How Does Working Remotely Affect Taxes?

During the pandemic, Massachusetts allowed for the temporary collection of income taxes from out-of-state residents who worked from home for Massachusetts-based employers. New Hampshire sued, arguing that Massachusetts can’t tax people outside its borders. When your commute to work takes place within the confines of your home, where should you pay income taxes? Standard workers include regular full-time staff of the employer, such as those working in full-time remote tech jobs.

  • This means that a resident of Ohio will be exempt from state income tax in PA if they submit Form REV-419 to their Pennsylvanian employer.
  • The taxes you pay and the rules for withholding taxes change depending on not just what state you live in, but what county and city.
  • While there is no limit on the time you can stay there, your residency state will continue to be wherever you have your domicile (primary residence).

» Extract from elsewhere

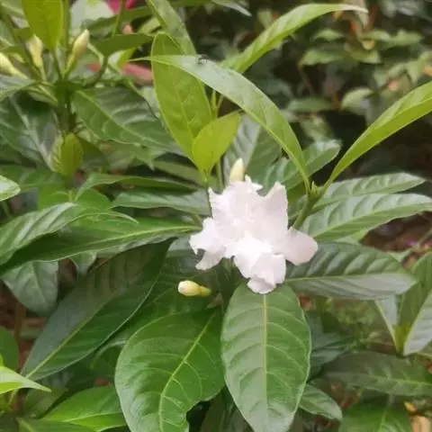 狗牙花 R. Br. ex Roem. & Schult.)是夹竹桃科山辣椒属灌木植物;枝灰绿色;叶椭圆形或椭圆状长圆形,叶面深绿色,背面淡绿色,叶面扁平;花聚伞花序腋生,通常双生,萼片长圆形,边缘有缘毛,花冠白色;果长圆形;花期六至十一月;果期秋季。狗牙花因其花冠裂片边缘有皱纹,状如狗牙,故名。狗牙花原产于印度及中国云南,在广西、广东、台湾及亚洲热带和亚热带等地区广泛栽培。狗牙花喜温暖湿润,不耐寒,宜半阴,对土壤要求不严,喜肥沃、排水良好的酸性土壤,常生长于山地灌木丛中。狗牙花的主要繁殖方式为扦插。狗牙花味酸、凉,有清热降压、解毒消肿的功效,可用于治疗咽喉肿痛,跌打损伤。狗牙花枝叶茂密,株型紧凑,花朵净白素丽,典雅朴质,盛花时十分美观,且花期长,具有一定观赏价值。狗牙花还有较高的经济价值,园林中应用极为普遍,可丛植于林缘、路

The number of days after which this kicks in varies from country to country. But a good rule of thumb is that typically if your employee is working from somewhere for more than around 4 months in a year, this will trigger local employment and tax regulations. If you have employees who recently moved to a new state and worked remotely, they’ll need to establish a new domicile, or permanent residence, to avoid being taxed in their current and former states.